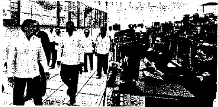
El Secretario de Gobernación realizó una gira por Yucatán.

desde el año pasado y que cualquier plática, diálogo o acuerdo que se pudiera tener en nada va a dañar la reforma educativa que logramos todos el año pasado”, dijo ayer Osorio Chong.
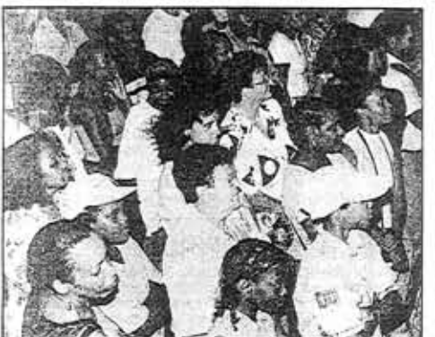
Beaucoup de monde pour la fête.
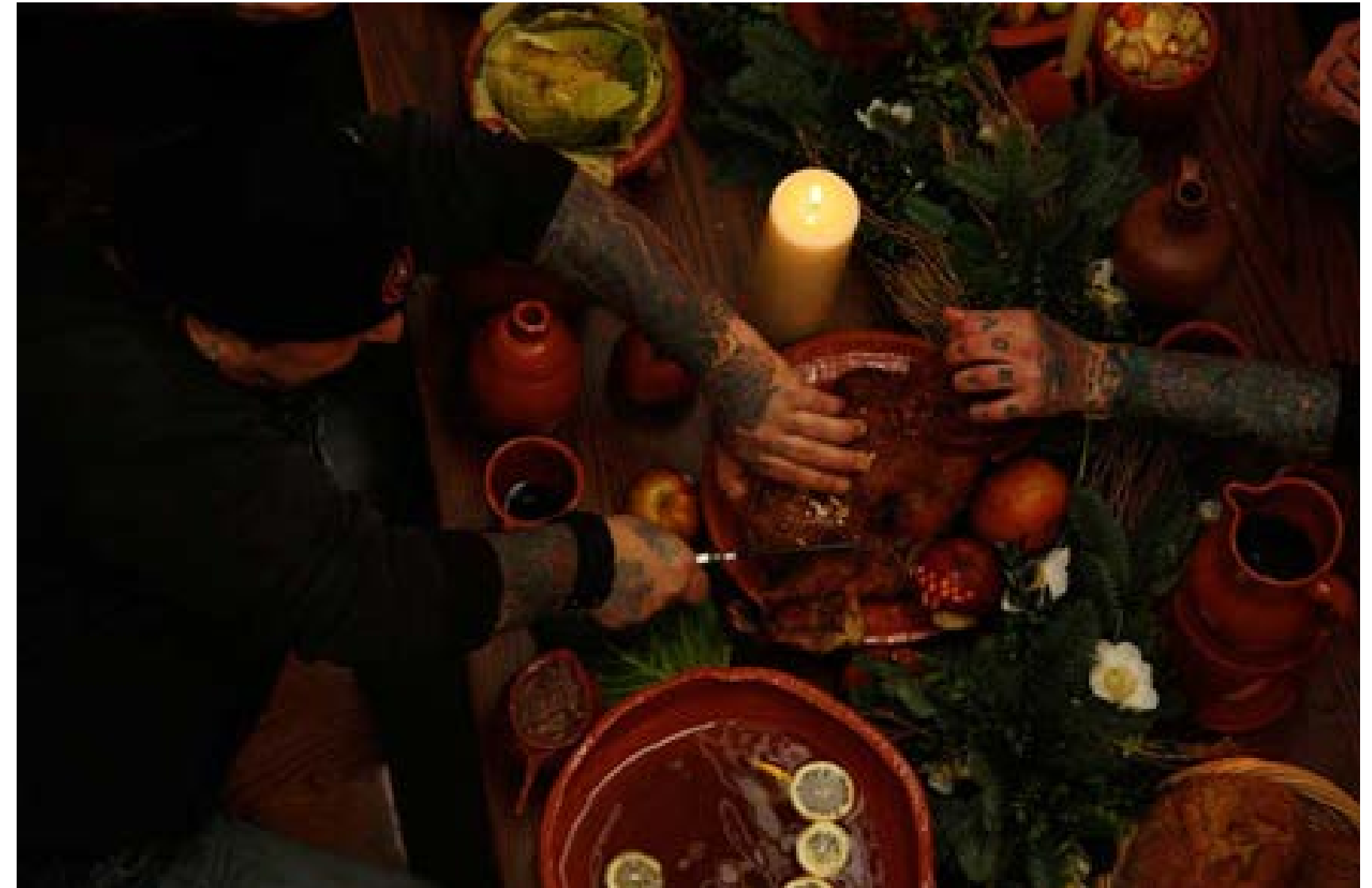
Het feestmaal der moderne ridders: performance

Op deze manier zou ik graag verder willen werken in de toekomst. Ik vind het geweldig als mijn werk mensen kan samenbrengen."
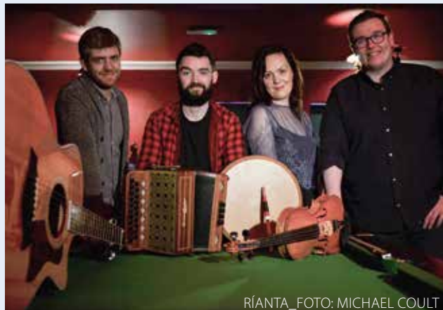
RÍANTA_FOTO: MICHAEL COULT
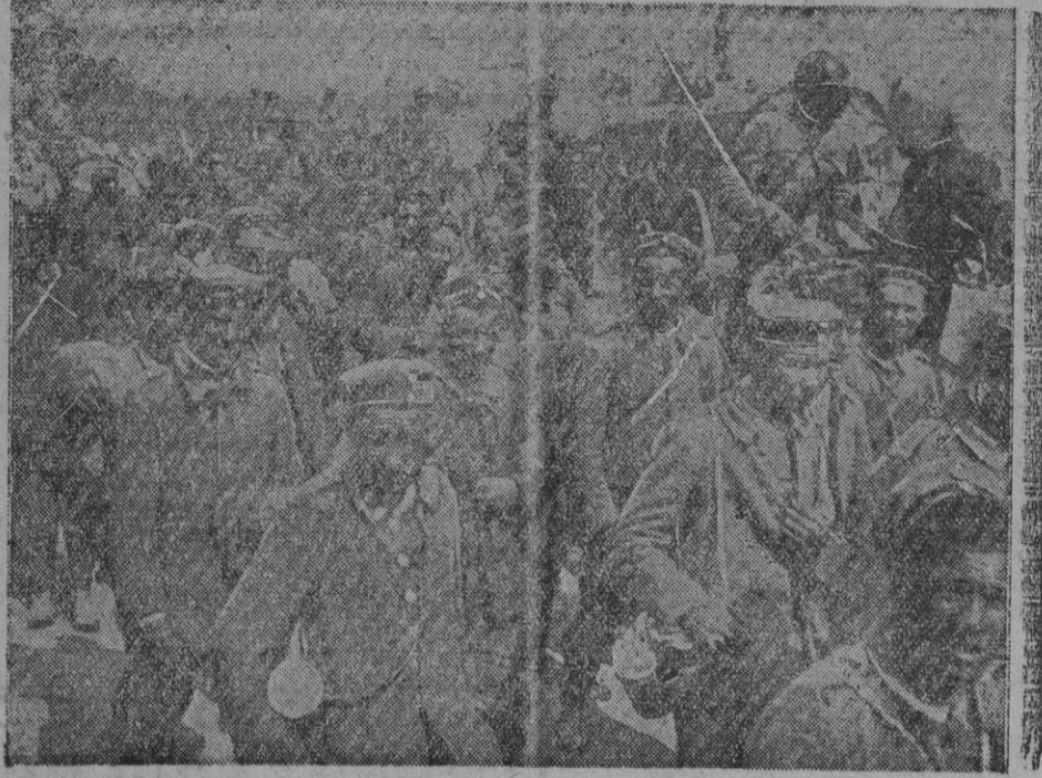
De la guerra.—Conducción de prisioneros alemanes
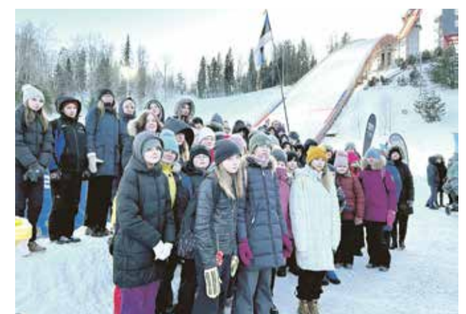
Kirivere Kooli 3.–9. klassi õpilased Tehvandi suusahüppemäe juures.
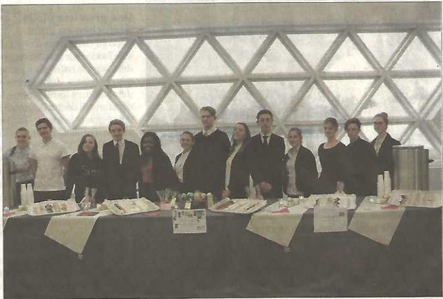
■ Les élèves présentent les petits fours confectionnés pour l'occasion.

Bienvenue au marché de Noël, instauré afin de mettre en exergue la jeune filière allemande, ouverte en 2014. Trois classes proposent désormais cette section euroallemande en bac profes-
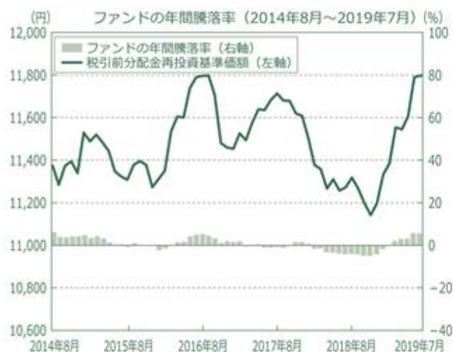
<ファンドの年間騰落率および分配金再投資基準価額の推移>
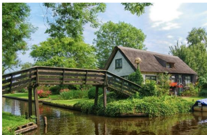
Le charme bucolique des canaux hollandais
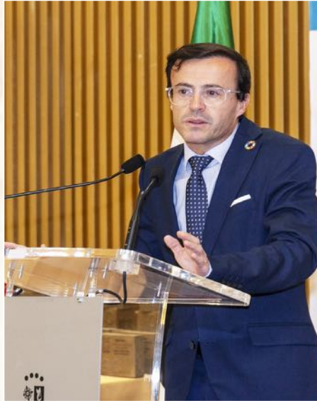
D. Miguel Ángel Gallardo Miranda (Alcalde de Villanueva de la Serena y presidente de la Diputación de Badajoz)
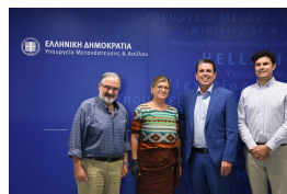
Με αντιπροσωπεία των Γιατρών του Κόσμου
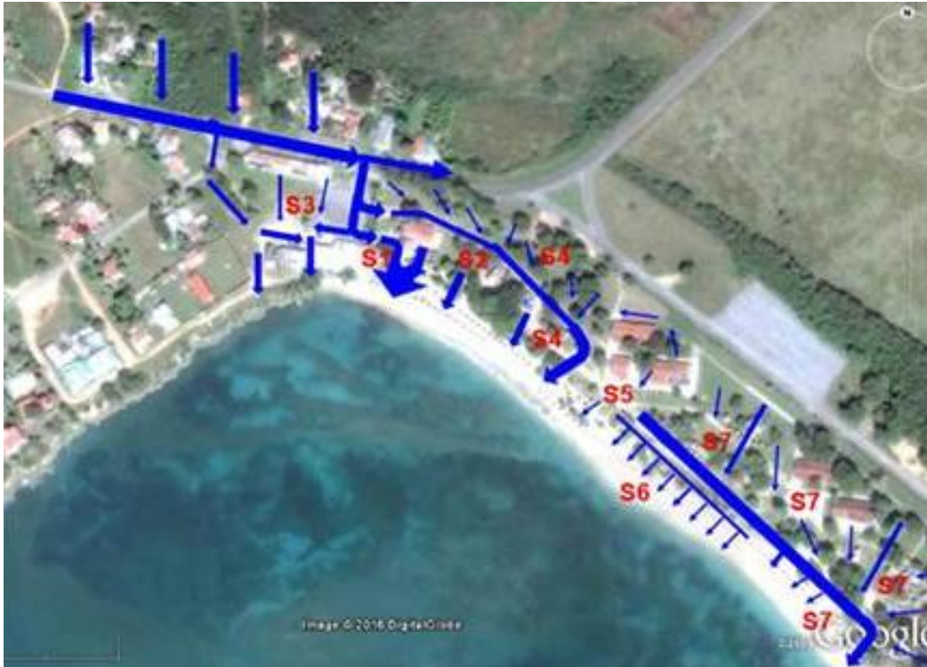
Figura 3. Sectores de escorrentías predominantes en el drenaje natural de la playa Rancho Luna
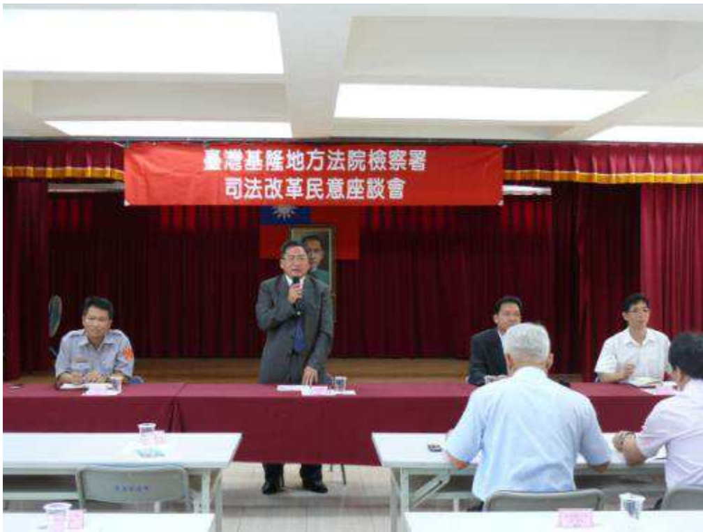
8月2日萬里、金山區民意座談會
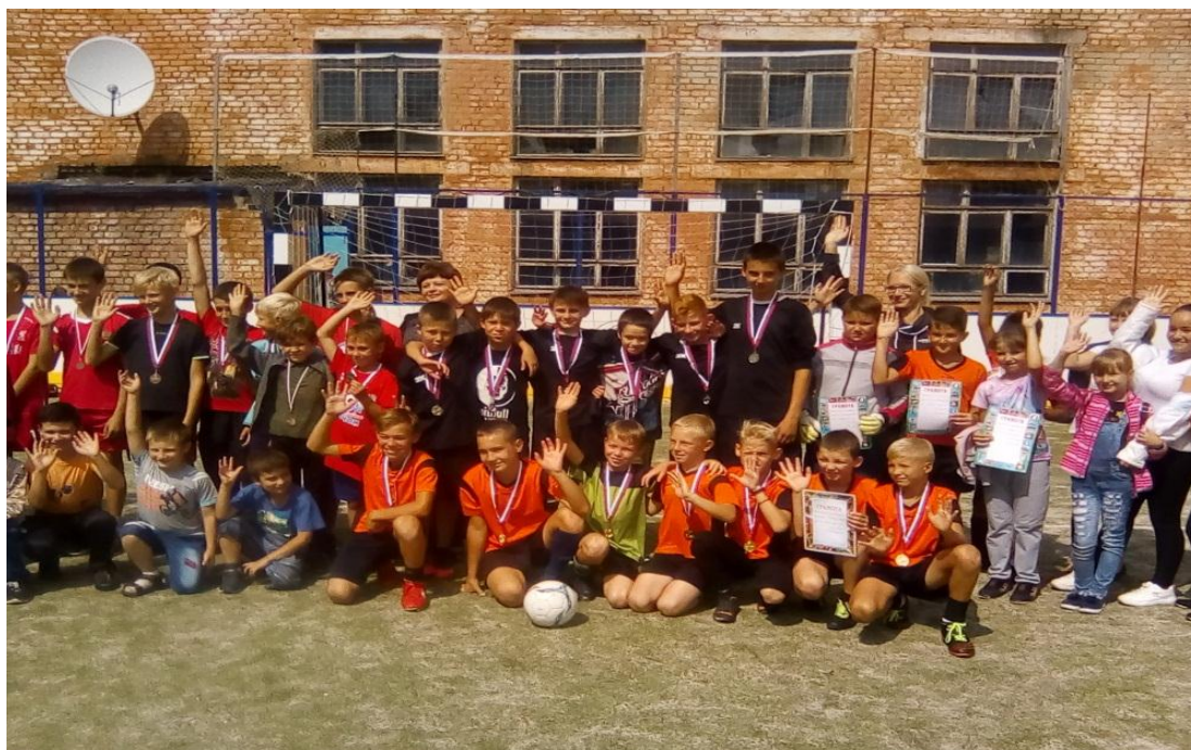
Рисунок 2 Урок физкультуры «План режима дня;
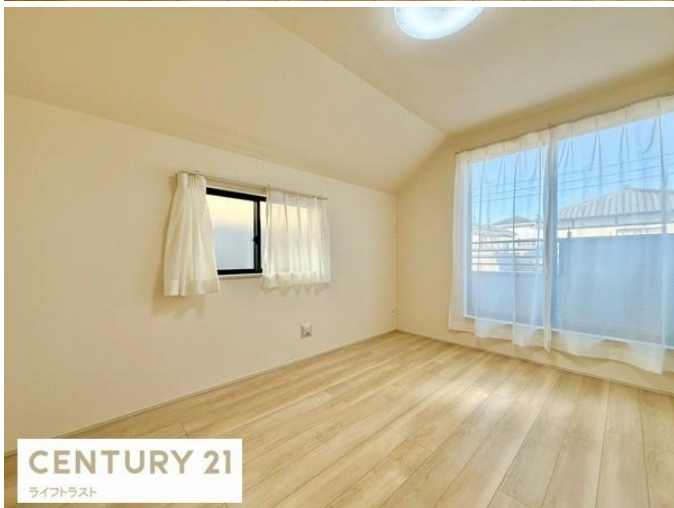
CENTURY 21 ライフトラスト
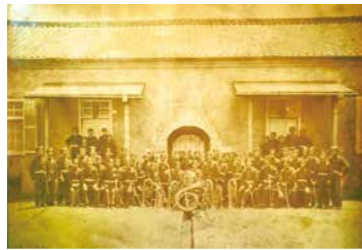
海軍軍隊隊古写真 明治14(1881)年撮影 同隊の全体写真としては最古。

黎明館は約18万点もの資料を収蔵していますが、なかには貴重な内容を含みながら展示機会に恵まれない資料も少なくありません。本展は、幕末・明治期の未公開資料を中心に、これまであまり知られてこなかった人物や出来事に光をあてる展覧会です。例えば、日本吹奏楽の黎明期に活躍した薩摩藩士の数奇な人生、新政府の参与に任命されながら蝦夷地の海で消息を絶った悲劇の人など、様々なエピソードを準備しています。
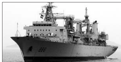
远洋综合补给舰千岛湖舰

岳阳舰是我国自主研发的新型导弹护卫舰,舰长134米、宽16米,满载排水量4000余吨,是海军新一代主力作战舰艇。
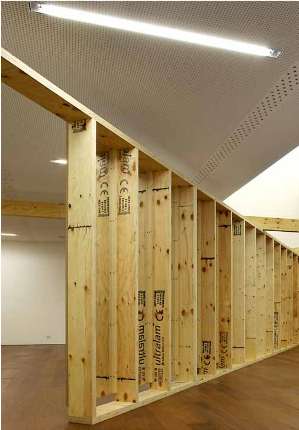
scenografie tentoonstelling, deSingel, 22 sep 2011 > 8 jan 2012

volledige cv, projectenlijst en publicaties www.architectendvvt.com
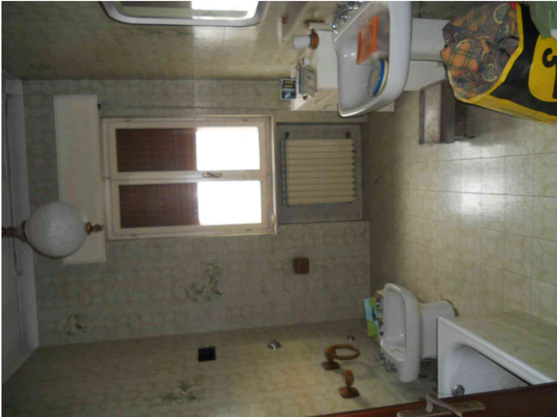
VISTA DI UN BAGNO DEL SUB 9
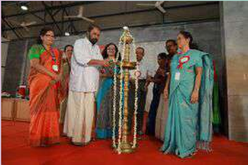
ബഹുമാനപ്പെട്ട വിദ്യാഭ്യാസ വകുപ്പു മന്ത്രി ശ്രീ. വി. ശിവൻകുട്ടി സഹവിദ്യാഭ്യാസത്തിന് ആരംഭം കുറിക്കുന്നു.
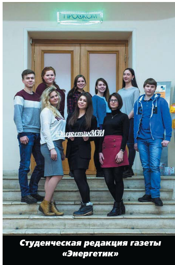
Студенческая редакция газеты «Энергетик»
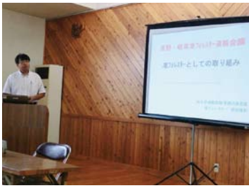
活動報告をする 岐阜県准フォレスター

フォレスターがお互い連携し、「森林づくり」や「道づくり」等に対しての課題の洗い出しや解決方法の検討などを目的に両県の県職員准フォレスターが参集して実施されるものです。
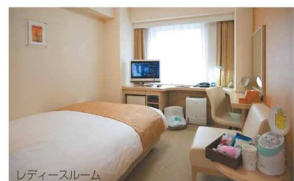
レディースルーム
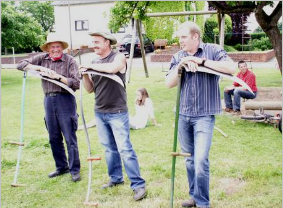
Die Erstplatzierten beim Sensenturnier 2009
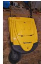
Referencia: MOL-017 BARREDORA ELECTRICA A BATERIA Año: 2005 Marca: KRÜGER
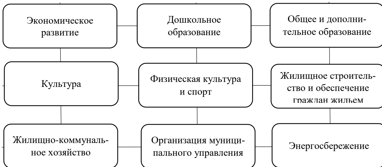
Рисунок 2 – Система показателей для оценки уровня экономической безопасности муниципального образования

По каждой группе показателей отобраны по три наиболее характерных для данной сферы. Также должен быть соблюден принцип сопоставимости показателей с нормативным уровнем.
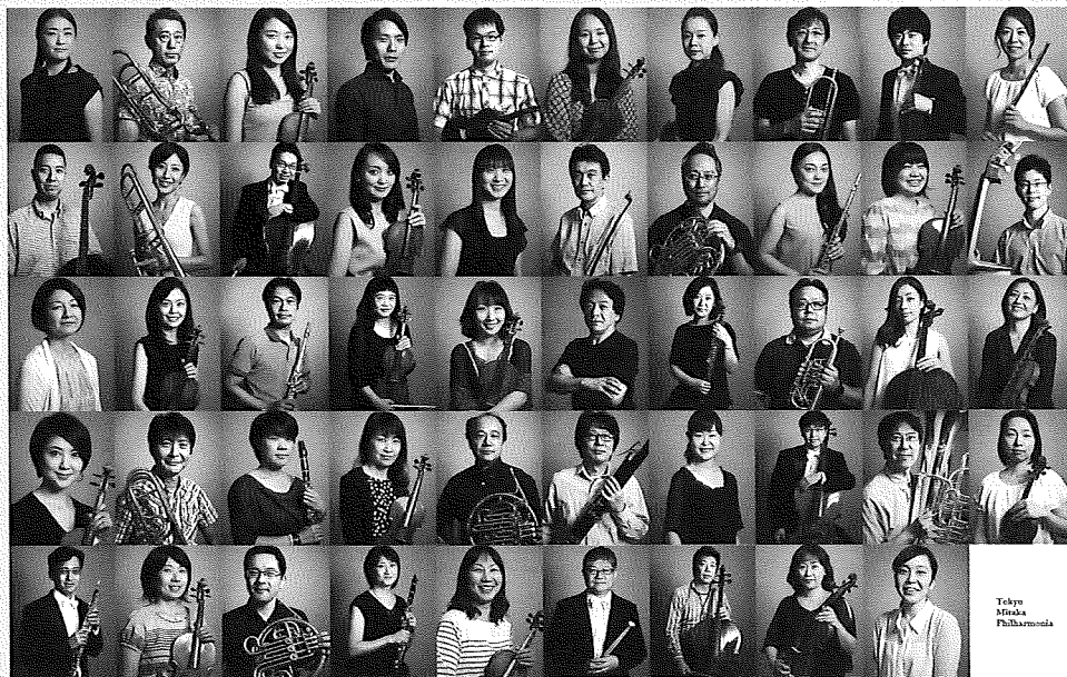
第73回定期演奏会(2016年7月30日)出演メンバーより

トウキョウ・ミタカ・フィルハーモニア第77回定期演奏会は、音楽監督の沼尻竜典のピアノ弾き振りによるモーツァルトのピアノ協奏曲第19番、ブラームスの交響曲第4番、3月(第76回定期)に好評を博したK.136のディヴェルティメントに続き、同じく名作のK.137をお贈りします。
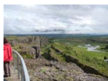
2. La dorsal en el parque Nacional de Thingvellir
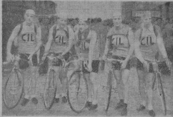
El equipo belga que participa en la Vuelta a España, cuyos elementos mejores intervendrán en la IX Vuelta Ciclista a Mallorca

Empezamos a recibir las contestaciones de las alcaldías de los pueblos del recorrido de la IX Vuelta Ciclista a Mallorca. El primero en contestar fué el de Lluch Mayor, siguiéndole Artá y hoy de, hemos de consignar las de Selva que nos concede 100 pesetas para una prima para el primero que pase por dicha localidad y otra prima de 50 pesetas al que llegue en primer lugar a Caimari. También el Ayuntamiento de Alcudia ha respondido a nuestro llamamiento enviándonos 50 pesetas para los gastos de organización. A todos ellos damos nuestras más expresivas gracias.
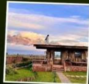
YUN DI AN CAFE
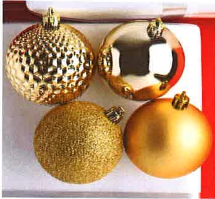
Bolas doradas 10 y 15 cm
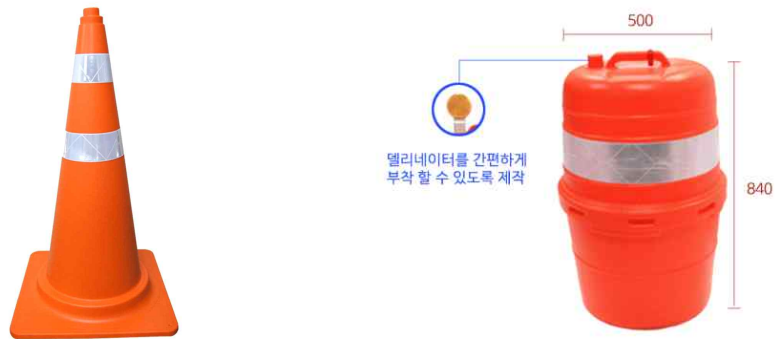
<그림 본 대회에서 활용하는 정적 장애물>
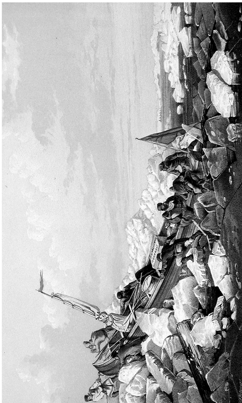
Passengers and Mail Crossing the River. Cornelius Krieghoff, encre et aquarelle sur papier, 1860. Musée McCord d'histoire canadienne, Montréal, n° M15934.47.

__How to complete this task__:
Transcribe the material above in full. No picture is to be copied.

__Output__:
El Secretario de Gobernación realizó una gira por Yucatán.

desde el año pasado y que cualquier plática, diálogo o acuerdo que se pudiera tener en nada va a dañar la reforma educativa que logramos todos el año pasado”, dijo ayer Osorio Chong.
Beaucoup de monde pour la fête.
Het feestmaal der moderne ridders: performance

Op deze manier zou ik graag verder willen werken in de toekomst. Ik vind het geweldig als mijn werk mensen kan samenbrengen."
RÍANTA_FOTO: MICHAEL COULT
De la guerra.—Conducción de prisioneros alemanes
Kirivere Kooli 3.–9. klassi õpilased Tehvandi suusahüppemäe juures.
■ Les élèves présentent les petits fours confectionnés pour l'occasion.

Bienvenue au marché de Noël, instauré afin de mettre en exergue la jeune filière allemande, ouverte en 2014. Trois classes proposent désormais cette section euroallemande en bac profes-
<ファンドの年間騰落率および分配金再投資基準価額の推移>
Le charme bucolique des canaux hollandais
D. Miguel Ángel Gallardo Miranda (Alcalde de Villanueva de la Serena y presidente de la Diputación de Badajoz)
Με αντιπροσωπεία των Γιατρών του Κόσμου
Figura 3. Sectores de escorrentías predominantes en el drenaje natural de la playa Rancho Luna
8月2日萬里、金山區民意座談會
Рисунок 2 Урок физкультуры «План режима дня;
CENTURY 21 ライフトラスト
海軍軍隊隊古写真 明治14(1881)年撮影 同隊の全体写真としては最古。

黎明館は約18万点もの資料を収蔵していますが、なかには貴重な内容を含みながら展示機会に恵まれない資料も少なくありません。本展は、幕末・明治期の未公開資料を中心に、これまであまり知られてこなかった人物や出来事に光をあてる展覧会です。例えば、日本吹奏楽の黎明期に活躍した薩摩藩士の数奇な人生、新政府の参与に任命されながら蝦夷地の海で消息を絶った悲劇の人など、様々なエピソードを準備しています。
远洋综合补给舰千岛湖舰

岳阳舰是我国自主研发的新型导弹护卫舰,舰长134米、宽16米,满载排水量4000余吨,是海军新一代主力作战舰艇。
scenografie tentoonstelling, deSingel, 22 sep 2011 > 8 jan 2012

volledige cv, projectenlijst en publicaties www.architectendvvt.com
VISTA DI UN BAGNO DEL SUB 9
ബഹുമാനപ്പെട്ട വിദ്യാഭ്യാസ വകുപ്പു മന്ത്രി ശ്രീ. വി. ശിവൻകുട്ടി സഹവിദ്യാഭ്യാസത്തിന് ആരംഭം കുറിക്കുന്നു.
Студенческая редакция газеты «Энергетик»
活動報告をする 岐阜県准フォレスター

フォレスターがお互い連携し、「森林づくり」や「道づくり」等に対しての課題の洗い出しや解決方法の検討などを目的に両県の県職員准フォレスターが参集して実施されるものです。
レディースルーム
Die Erstplatzierten beim Sensenturnier 2009
Referencia: MOL-017 BARREDORA ELECTRICA A BATERIA Año: 2005 Marca: KRÜGER
Рисунок 2 – Система показателей для оценки уровня экономической безопасности муниципального образования

По каждой группе показателей отобраны по три наиболее характерных для данной сферы. Также должен быть соблюден принцип сопоставимости показателей с нормативным уровнем.
第73回定期演奏会(2016年7月30日)出演メンバーより

トウキョウ・ミタカ・フィルハーモニア第77回定期演奏会は、音楽監督の沼尻竜典のピアノ弾き振りによるモーツァルトのピアノ協奏曲第19番、ブラームスの交響曲第4番、3月(第76回定期)に好評を博したK.136のディヴェルティメントに続き、同じく名作のK.137をお贈りします。
2. La dorsal en el parque Nacional de Thingvellir
El equipo belga que participa en la Vuelta a España, cuyos elementos mejores intervendrán en la IX Vuelta Ciclista a Mallorca

Empezamos a recibir las contestaciones de las alcaldías de los pueblos del recorrido de la IX Vuelta Ciclista a Mallorca. El primero en contestar fué el de Lluch Mayor, siguiéndole Artá y hoy de, hemos de consignar las de Selva que nos concede 100 pesetas para una prima para el primero que pase por dicha localidad y otra prima de 50 pesetas al que llegue en primer lugar a Caimari. También el Ayuntamiento de Alcudia ha respondido a nuestro llamamiento enviándonos 50 pesetas para los gastos de organización. A todos ellos damos nuestras más expresivas gracias.
YUN DI AN CAFE
Bolas doradas 10 y 15 cm
<그림 본 대회에서 활용하는 정적 장애물>
Passengers and Mail Crossing the River. Cornelius Krieghoff, encre et aquarelle sur papier, 1860. Musée McCord d'histoire canadienne, Montréal, n° M15934.47.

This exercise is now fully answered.